We briefly discussed the importance of data normalization in the previous chapter.

The main reasons for data normalization are:
* to make the data more suitable for the model (e.g. neural networks have better convergence properties if the data normalization is compatible with the parameter initialization)
* to deal with outliers, skewed distributions, and non-linear relationships
* to prevent the model from being biased towards some features
* to prevent the model from learnign wrong relationships between features due to improper data representation

We are going to look at the most standard data preprocessing/normalization techniques:
* StandardScaler
* MinMaxScaler
* RobustScaler
* PowerTransformer

* LabelEncoder
* OrdinalEncoder
* OneHotEncoder

Which of these do you already know?

## Сontinuous data

In [None]:
cols = ['AveRooms', 'Longitude', 'MedHouseVal']
xy = np.concatenate((x_orig, y_orig.reshape(-1, 1)), axis=1)
df_sel = pd.DataFrame(xy, columns=data.feature_names + data.target_names)
df_sel = df_sel[cols]

v1, v2, v3 = df_sel.values.T

# make pairgris as before:
g = sns.PairGrid(df_sel)
g.map_upper(sns.kdeplot, n_levels=10)
g.map_lower(sns.regplot, scatter_kws={'color': 'blue', 'alpha': 0.1, 's': 15}, line_kws={'color': 'red', 'alpha': 0.3})
g.map_diag(sns.histplot, multiple='stack')

In [None]:
# for each variable perform each normalization and plot the distribution (upper row) and the log distribution (lower row)

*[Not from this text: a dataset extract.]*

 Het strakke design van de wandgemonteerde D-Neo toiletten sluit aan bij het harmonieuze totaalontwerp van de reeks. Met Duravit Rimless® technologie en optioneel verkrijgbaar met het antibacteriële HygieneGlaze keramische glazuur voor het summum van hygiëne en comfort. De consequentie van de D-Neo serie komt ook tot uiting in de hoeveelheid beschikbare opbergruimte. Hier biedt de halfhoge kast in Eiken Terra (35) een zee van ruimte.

norms = [StandardScaler, MinMaxScaler, RobustScaler, PowerTransformer]
norms_names = [ 'StandardScaler', 'MinMaxScaler', 'RobustScaler', 'PowerTransformer']

n_norms = len(norms)
for v, ttl in zip([v1, v2, v3], cols):
    fig, ax = plt.subplots(2, 1 + n_norms, figsize=(15, 4))

    for j in range(2):
        ax_ji = ax[j, 0]
        sns.histplot(v, ax=ax_ji, alpha=0.3)

        moments = [v.mean(), v.var(), skew(v), kurtosis(v)]
        moments_str = ', '.join([f'{moment:.3f}' for moment, moment_name in zip(moments, ['mean', 'var', 'skew', 'kurt'])])
        ax_ji.set_title(f'original data\n{moments_str}')

        if j==1:
            ax_ji.set_yscale('log')

        for i, (norm, norm_name) in enumerate(zip(norms, norms_names)):
            v_norm = norm().fit_transform(v.reshape(-1, 1)).reshape(-1)

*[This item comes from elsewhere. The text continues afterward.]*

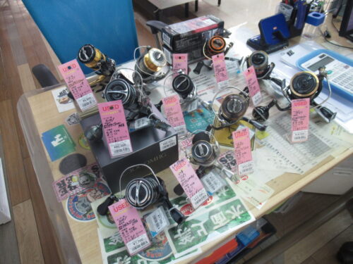 シマノ、ダイワ、アブガルシアのスピニングリールを店頭陳列しました。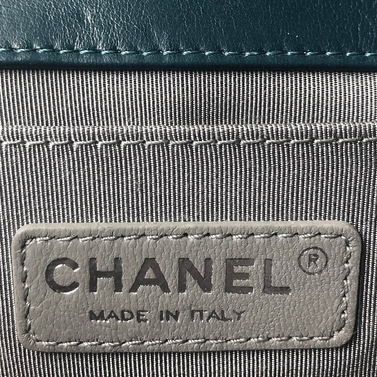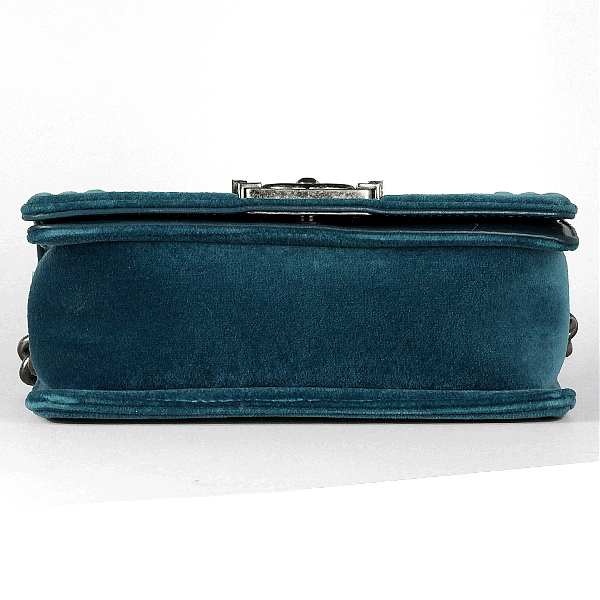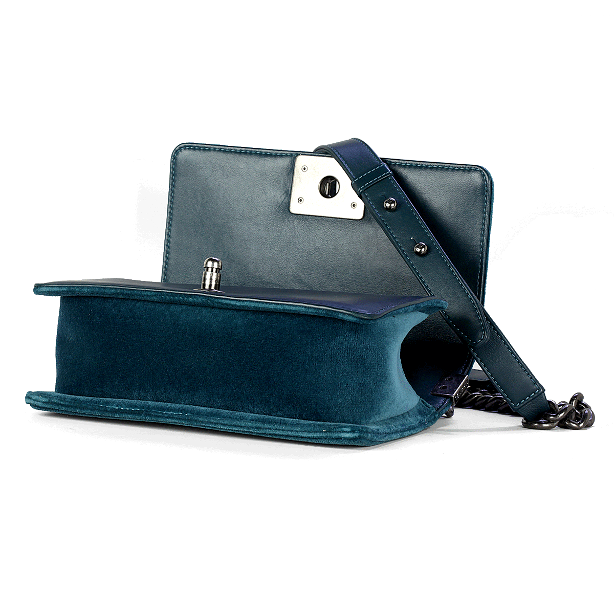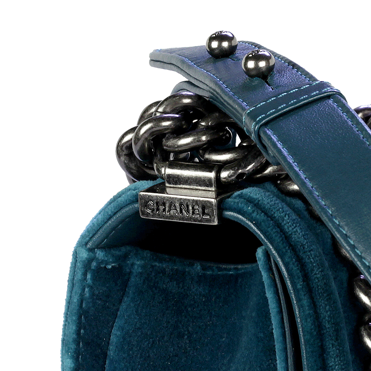 Sac Chanel Boy en velours turquoise matelassé avec du matériel en ruthénium petit

            # get all first 4 moments of the distribution
            moments = [v_norm.mean(), v_norm.var(), skew(v_norm), kurtosis(v_norm)]
            moments_str = ', '.join([f'{moment:.3f}' for moment, moment_name in zip(moments, ['mean', 'var', 'skew', 'kurt'])])

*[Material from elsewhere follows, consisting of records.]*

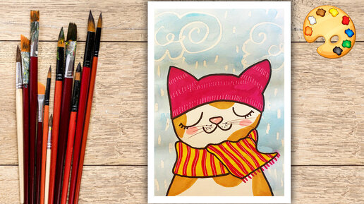 Как нарисовать кота в шапке. Пошаговый урок рисования для детей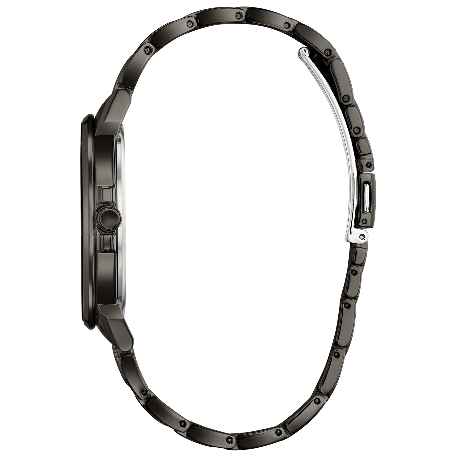 Axiom's refined yet sleek design offers a day-to-night fashion options for the avid trendsetter. A watch with Eco-Drive technology, not just a solar watch but powered by any light, featuring a men's grey stainless steel case and bracelet with a black dial and the intriguing feature of edge-to-edge glass. Featuring our Eco-Drive technology – powered by light, any light. Never needs a battery. Caliber number E031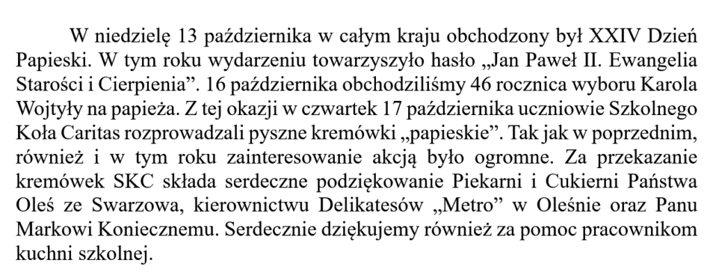 Kolejna akcja Szkolnego Koła Caritas: Kremówki z okazji XXIV Dnia Papieskiego 22 października 2024spolesno Dzien_papieski__6Dzien_papieski__5Dzien_papieski__1Dzien_papieski__3Dzien_papieski__4Dzien_papieski__7Dzien_papieski__2Dzien_papieski__9Dzien_papieski__8Dzien_papieski__11Dzien_papieski__10Dzien_papieski__12Dzien_papieski__13Dzien_papieski__14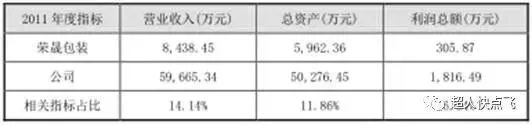 本次收购的前一会计年度,荣晟包装相关财务数据及占公司相应项目的比例如下(未扣除相互间交易的影响):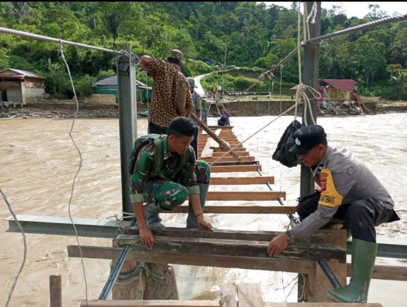 “Setelah jembatan Bailey hanyut terbawa arus, akses masyarakat benar-benar terputus. Karena itu, kami bersama Babinsa dan warga berinisiatif membangun jembatan gantung darurat agar aktivitas masyarakat tidak lumpuh total. Ini bentuk respons cepat dan pelayanan kami kepada masyarakat,” ujar AIPDA Amar.

            ax_ji = ax[j, 1 + i]
            sns.histplot(v_norm, ax=ax_ji, alpha=0.3)
            ax_ji.set_title(f'{norm_name}\n{moments_str}')
            if j == 1:
                ax_ji.set_yscale('log')

    plt.suptitle(ttl)
    plt.tight_layout(h_pad=2)
    psc()

As you see the robust scaler is the most robust to outliers, but it's not the best for the other distributions.
The power transformer is the best to make data normally distributed, but it's not always producing the best results.

## Categorical data

In [None]:
# make dummy dataframe with categorical data:
# color: red, green, blue
# size: small, medium, large
# shape: round, square, triangle, parallelogram, diamond
# fill with random values out of the categories, 100 rows

n = 100
df_cat = pd.DataFrame({
    'color': np.random.choice(['red', 'green', 'blue'], n),
    'size': np.random.choice([1, 10, 100], n),
    'shape': np.random.choice(['round', 'square', 'triangle', 'parallelogram', 'diamond'], n)
})


n_norms = len(norms)

for col in df_cat.columns:
    df_col = df_cat[[col]]

    normed_vals = LabelEncoder().fit_transform(df_col[col].values)  # output is integer, single column
    df_col[f'{col}_LabelEncoder'] = normed_vals

    # ensure that the categories are sorted
    categories = sorted(np.unique(df_col[col]))
    # output is float(integer), multiple columns at a time
    normed_vals = OrdinalEncoder(categories=[categories]).fit_transform(df_col[col].values.reshape(-1, 1))
    df_col[f'{col}_OrdinalEncoder'] = normed_vals.reshape(-1)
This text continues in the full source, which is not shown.